Her salon had become a three-generation operation. Her mother, Adele Goldschmidt, painted designs on nails, and Natasha, apprenticed at 13, had finished cosmetology school and was working full-time. Emma was struggling to pay her daughter's salary. "I didn't want her to have to leave.
"Then Sex and the City saved me!"
During an episode of the show in 2000, Carrie Bradshaw and friends brought the Brazilian into the open. It would prove to be a pivotal moment in American personal grooming history.
"All of a sudden, I started getting calls. 'Do you do Brazilian bikini?' "
Emma got herself to a beauty convention and watched a demonstration. "Then I just started doing it and I became the best. How many years ago, Natash?" she asks her daughter, who is eating blackberries from a carton during an afternoon lull. "Ten?"
"Nyet," says Natasha. "Seven."
"OK. Seven years," Emma says. "And that's my story."
Well, not entirely.
When a woman comes into her little room, Emma says, "I always look at her skin." She's not qualified to make medical decisions, but knows enough to recognize a suspicious mole.

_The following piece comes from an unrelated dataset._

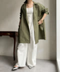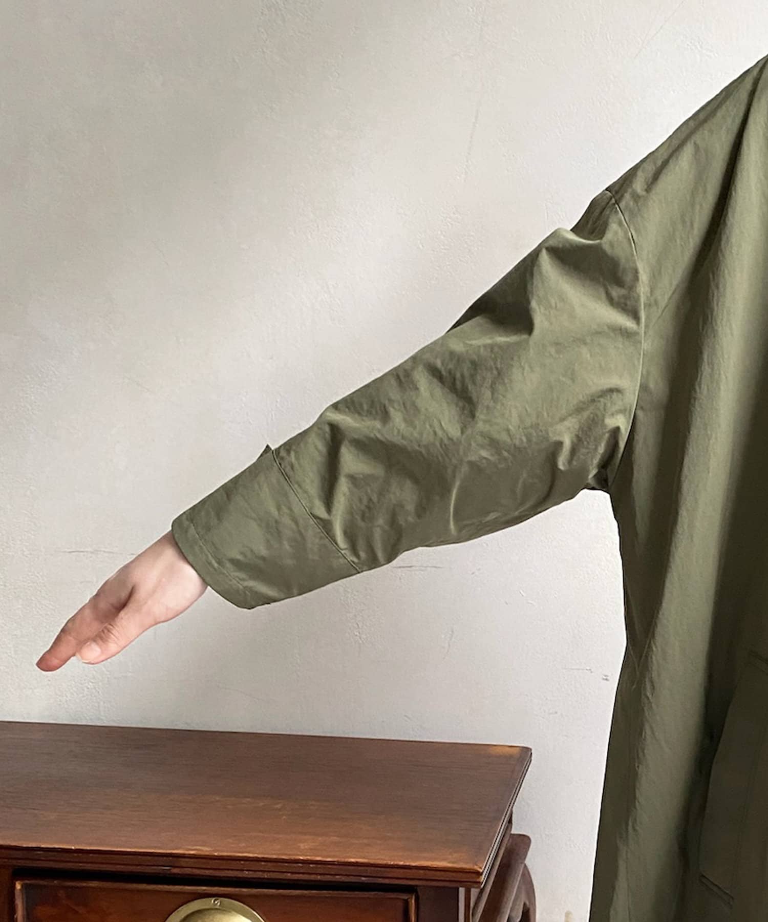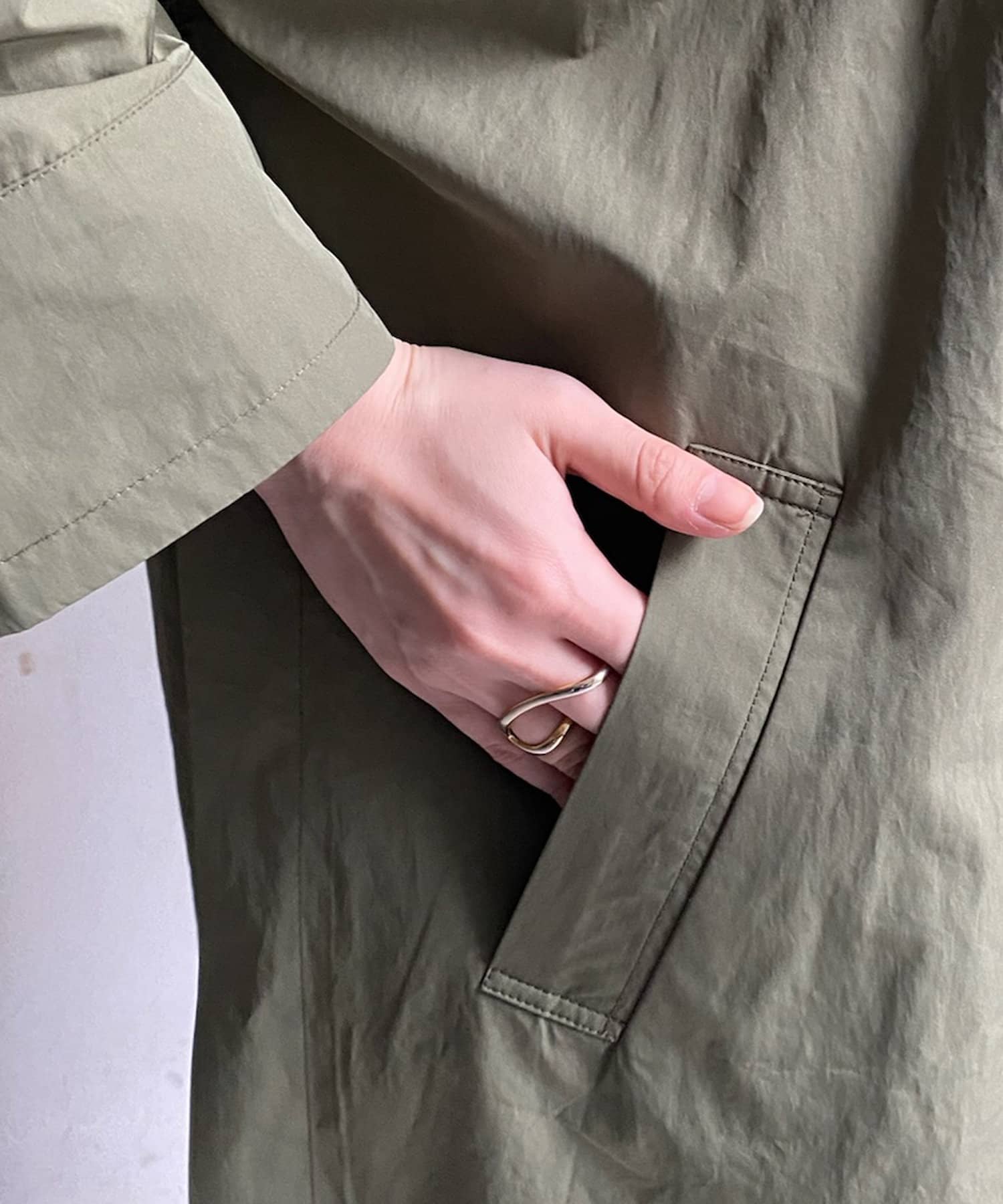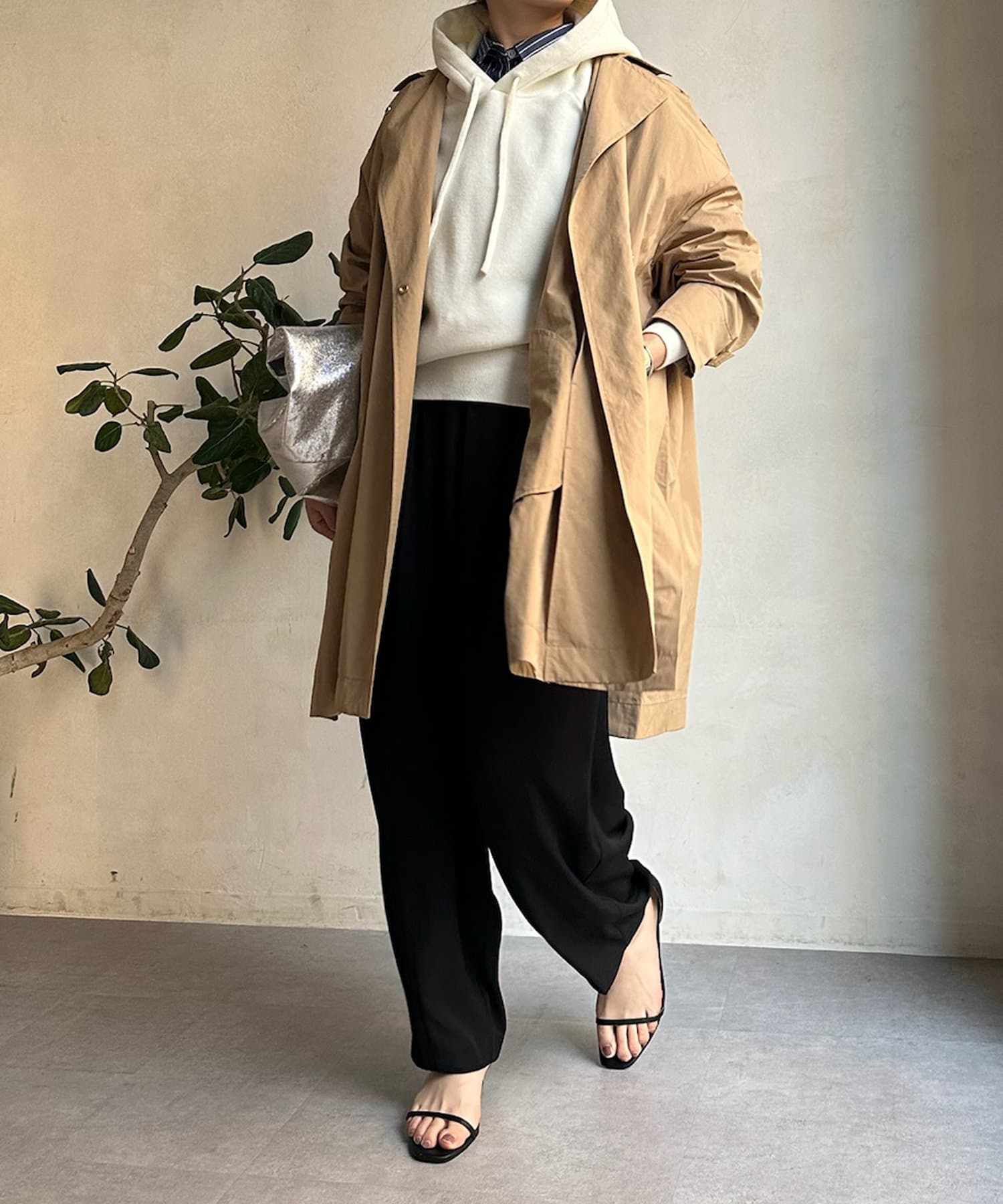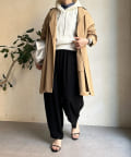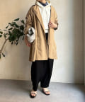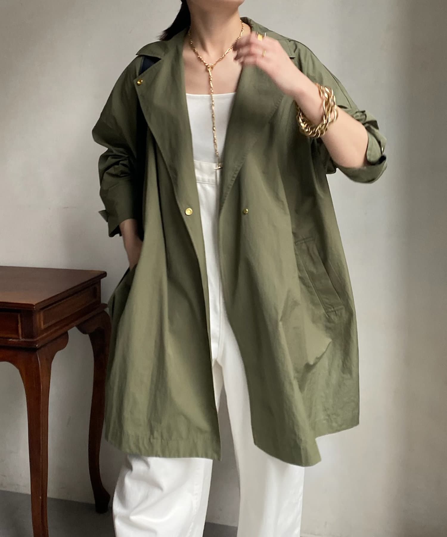 ゆったりと余裕感のあるポンチョのようなシルエットで、楽に着られる軽コートです。

The first time Barsotti, the lawyer from Chestnut Hill, went to Emma, she found a spot behind her knee. " 'That's not good,' " Emma said. " 'You have to get this taken care of.' "
Barsotti put it off. "The next time I went back to her, she yelled at me. 'You have to get someone to look at this!' "
So she did. "It was a very aggressive melanoma," says Barsotti. "Emma really saved my life."